Also www.waggintails.com is a good site to order dog food. 

I just ordered from them for the first time. I placed the order Sunday night, last week, and received my dog food Thursday afternoon. Free shipping for up to 120lbs. I also fed TOTW so I have switched some of the dogs over to Earthborn Primitive, which is what I ordered from waggintails. Best price by far that I have found for this food. It was $42.99 for 28lbs.


----------



## RoughCollie (Mar 7, 2011)

I ordered 2 sample bags of Acana (Grasslands and Duck & Pear) from Best Bully Sticks last week. I haven't compared prices yet.


----------



## roxiefoxie08 (Dec 15, 2011)

i ordered from petco free shipping with $49 purchase don't sign up for automatic shipping they will charge for the shipping.i used petflow the only problem i came across with was the food has 4 months before expiration other than than they are pretty good with customer service.I plan to try Mr.Chewy once they carry the food bag sizes i need.


----------



## LoveRetriever (May 2, 2012)

I order from Dr's Foster and Smith site, free shipping on orders $49 or more otherwise $5.99. It's DFS brand name but the manufacture is CJ Foods, all are 4.6 stars or up, great reviews! Very good customer service. 28lbs for $37.99, food goes on sale often thats a plus.:whoo: Great food, good service! Check it out, if your unhappy or unsatisfied DFS has a 100% satisfaction guarantee, money back on purchase... That not being a problem I bet, just shows they are dedicated to their customers.
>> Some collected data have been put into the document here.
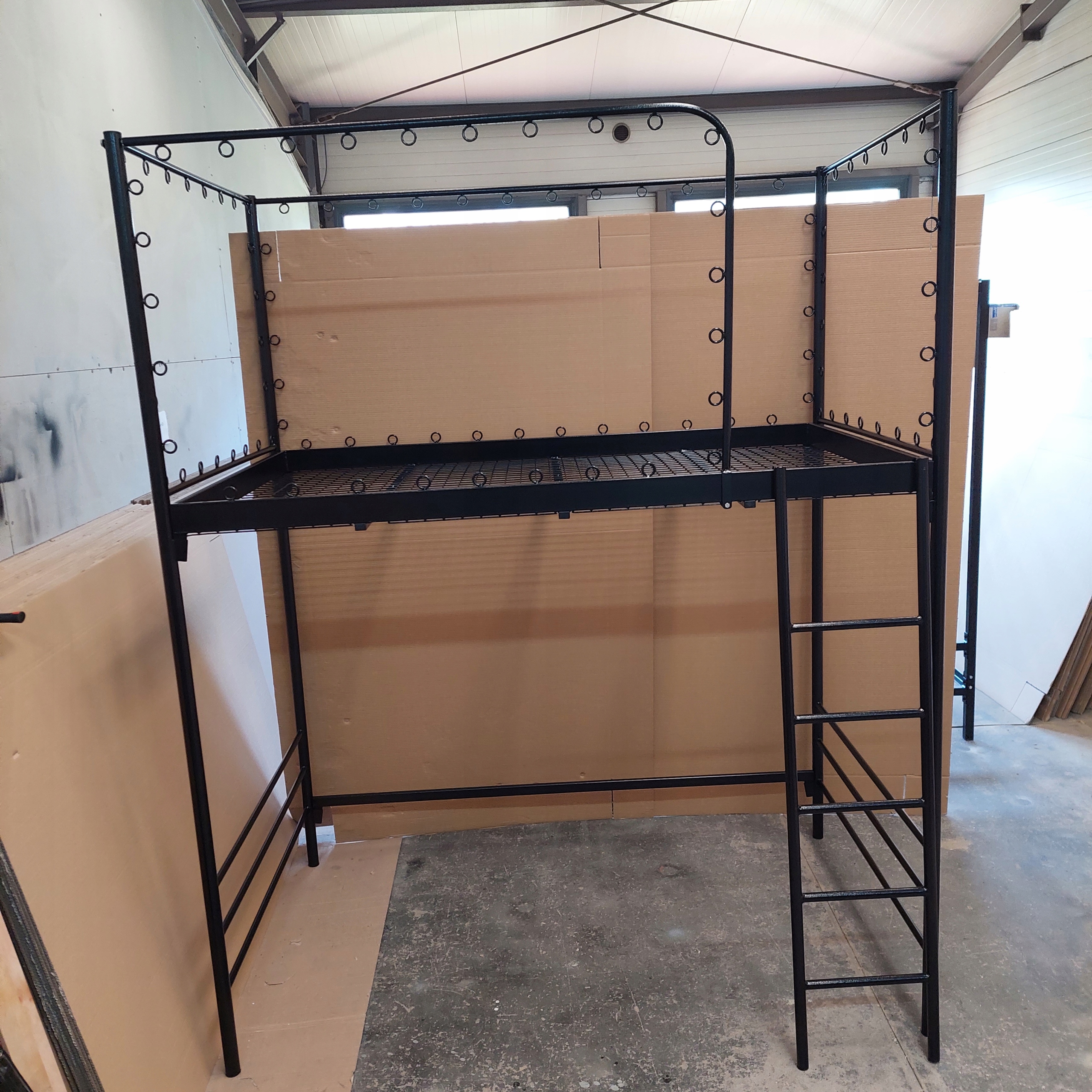 Каркас кровати изготовлен из металлической сетки с перекладинами вдоль сетки.
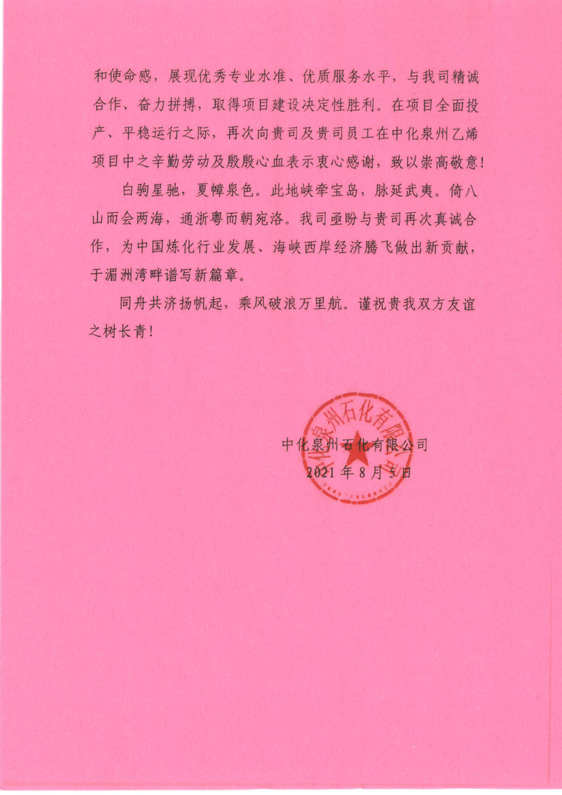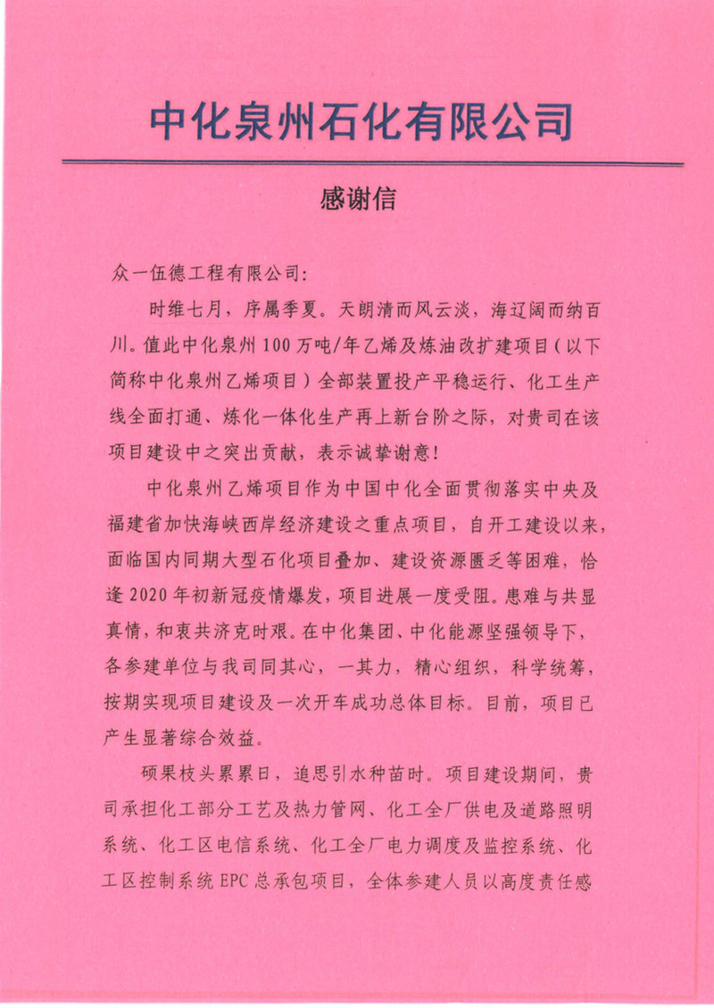 2021年8月5日, 众一伍德工程有限公司(以下“简称Wood中国”)中化泉州项目部收到一份来自中化泉州石化有限公司的感谢信。客户在信中赞扬了Wood中国项目团队在中化泉州100万吨/年乙烯及改扩建项目化工工艺及热力管网、全厂供电及道路照明等系统工程(以下简称“中化泉州乙烯项目”)实施过程中体现的卓越交付能力,并对Wood中国项目员工高度的责任心和使命感给予了充分肯定。
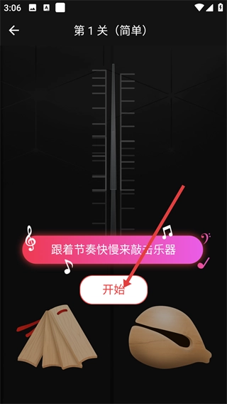 4、進入第1關(guān)(簡單)后,點擊【開始】按鈕,即可跟隨節(jié)奏敲擊樂器,進行節(jié)奏訓(xùn)練。

Good luck Mama of 3 :wof:


----------



## Jacksons Mom (Mar 12, 2010)

MrChewy has a few good deals sometimes, and $4.95 shipping. Always heard great reviews about them.


----------



## DeLaGym (May 15, 2012)

I order from wag.com . They do free overnight shipping for NYC residents. I've ordered on a sunday night & have received my dog food the next morning. Even if you dont live in NYC, i recommend this site. Their selection is HUGE.


----------



## Mama Of 3 (Feb 29, 2012)

Thanks so much for the feedback! Now I've got some searches to do and decide what place to order from! There are so many choices if you do a google search... but you just never know. So thanks for the help!!!!!!


----------



## Pekinchick (Jun 11, 2012)

dog.com or amazon.com Fromm, Wellness, Innova, Natural Balance, Earthborn, Pronature & Pinnacle


----------